During his nationally-televised September speech, Obama said:

Now, finally, many in this chamber – particularly on the Republican side of the aisle – have long insisted that reforming our medical malpractice laws can help bring down the cost of health care. … Now, I don’t believe malpractice reform is a silver bullet, but I’ve talked to enough doctors to know that defensive medicine may be contributing to unnecessary costs. So I’m proposing that we move forward on a range of ideas about how to put patient safety first and let doctors focus on practicing medicine. I know that the Bush Administration considered authorizing demonstration projects in individual states to test these ideas.
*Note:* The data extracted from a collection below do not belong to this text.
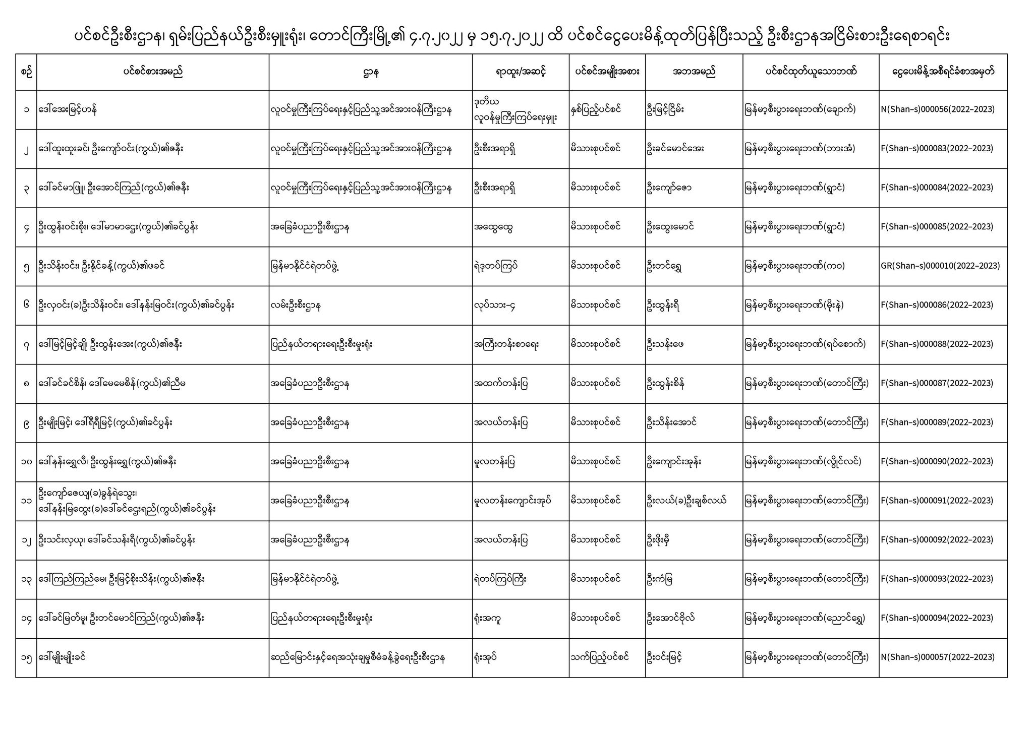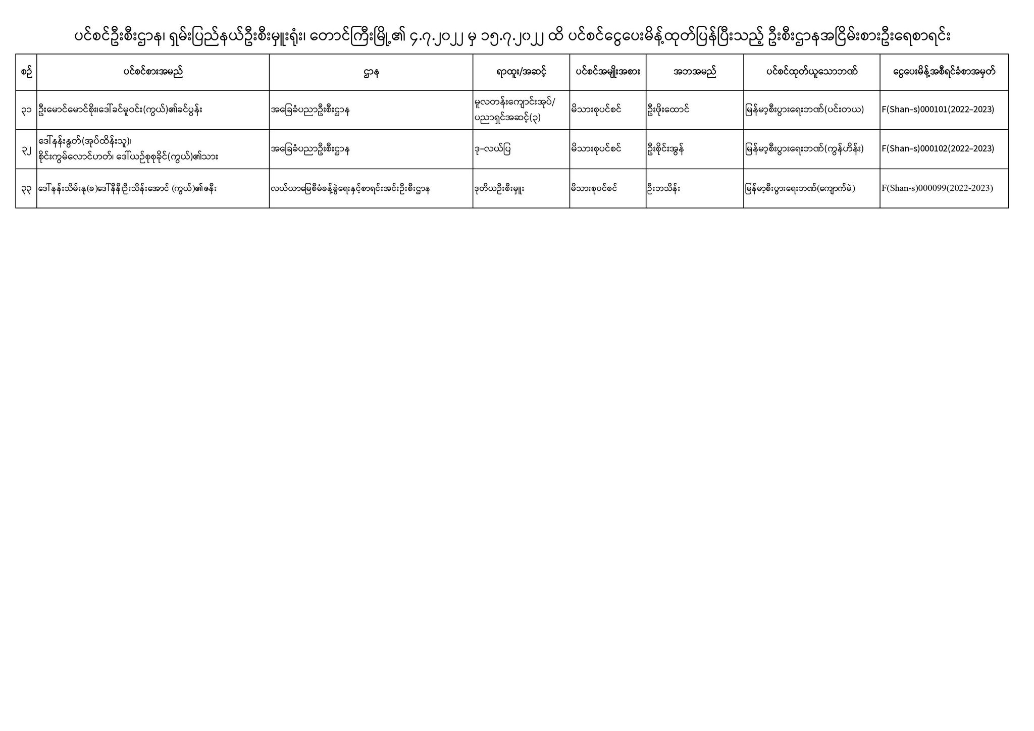 ပင်စင်ဦးစီးဌာန၊ရှမ်းပြည်နယ်(လားရှိုးမြို့)၏ငွေပေးမိန့်ထုတ်ပြန်မှုစာရင်း(၄-၇-၂၀၂၂မှ၁၅-၇-၂၀၂၂) pdfinance_editor Fri, 07/15/2022 - 15:49
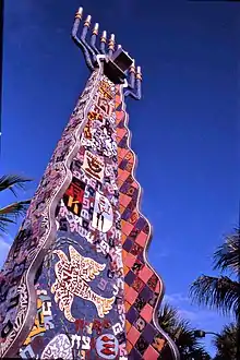 A series of eight artworks linking the four corners of United States was created by Alexenberg as the official artist of Miami’s Centennial[18] in 1996 when he was dean at New World School of the Arts. Sponsored by National Endowment for the Arts and American Airlines with the participation of the President of United States,[19] Alexenberg's artworks connected Miami, San Diego, Seattle, and Portland (Maine).[20] Mayors of these four cities came together in Miami for the opening of his exhibition of multimedia artworks and models of four living sculptures to be photographed as one from outer space.[21]
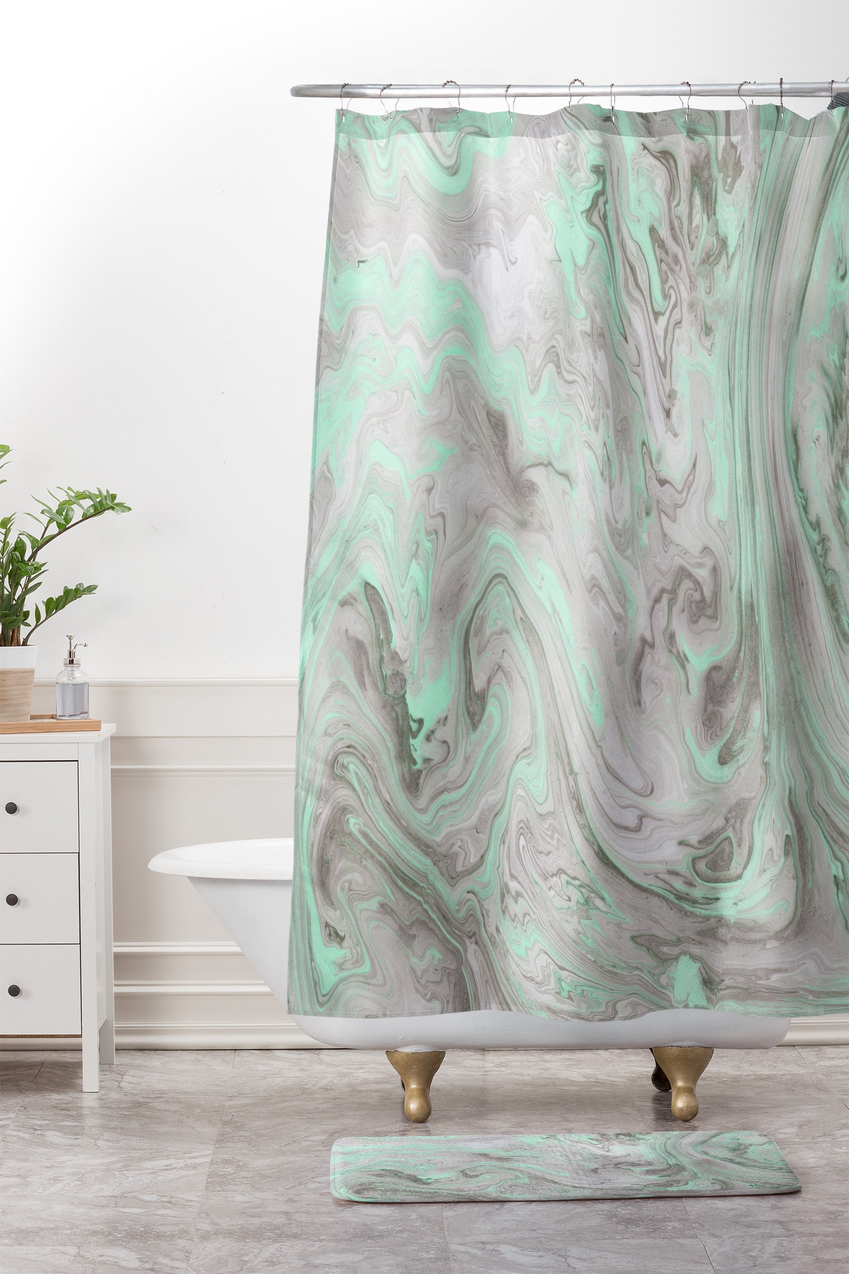 Lisa Argyropoulos Mint and Gray Marble Shower Curtain And Mat
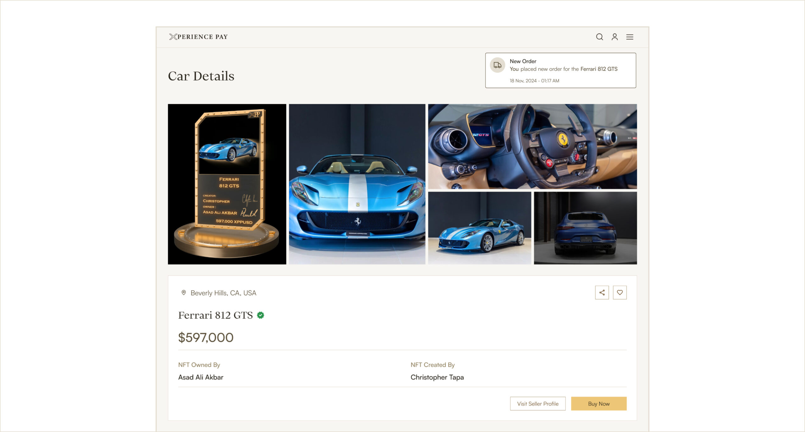 When a luxury product is sold on the XPP Marketplace, a unique NFT is minted for the item. This NFT contains key information such as product details, date of sale, and the identity of the original seller.
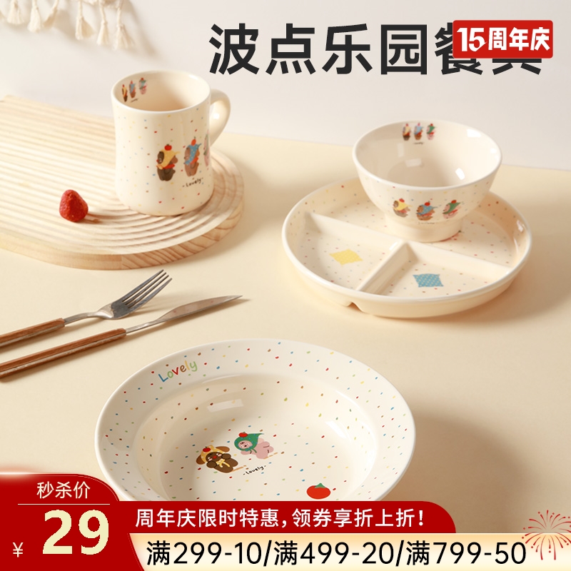 ¥35高脚防烫陶瓷餐具(波点乐园)
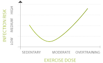 En gagnant en intensité, l’exercice peut être une source de stress physiologique et psychologique et les défenses naturelles de l’organisme peuvent être altérées. La relation entre l’intensité de l’exercice et l’immunité est une courbe en forme de J. Il semble que les personnes soient plus sujettes aux infections bactériennes et virales après un entraînement intense, ce phénomène peut durer jusqu’à 72 heures. L’immunité réduite, associée à l’hyperventilation qui se produit naturellement pendant l’exercice, contribuent à une plus grande susceptibilité aux troubles des voies respiratoires supérieures chez les sportifs. Les infections sont une cause fréquente d’annulation d’entraînement et même de compétition et peuvent affecter les performances des sportifs.

I think it’s a good idea, and I’m directing my Secretary of Health and Human Services to move forward on this initiative today.”

However, according to a House Oversight and Government Reform Committee report on the benefits of capping non-economic damages and passing other tort reform measures released last week, it appears the President wasn’t being sincere when he made that directive.  The report, on page 4, reads:

Committee staff inquired of HHS whether they had an updated figure [on how much the federal government spends annually for malpractice coverage and the costs of defensive medicine], but staff was told by personnel of the Office of the Assistant Secretary for Planning and Evaluation that the report in question involved medical litigation which ‘is not a priority for this Administration.’”  

“The first question I have for President Obama is if he still stands by his call for tort reform or was he just lying to Congress when he directed Secretary [Kathleen] Sebelius to pursue an initiative addressing the costs of defensive medicine,” Issa, who is the ranking Republican on the Oversight and Government Reform Committee, said in a statement released Monday. 

With all due respect Congressman, do you even have to ask?  The President’s commitment to meaningful tort reform is about as sincere as his commitment to bipartisanship.  Both are simply “not a priority for this Administration.”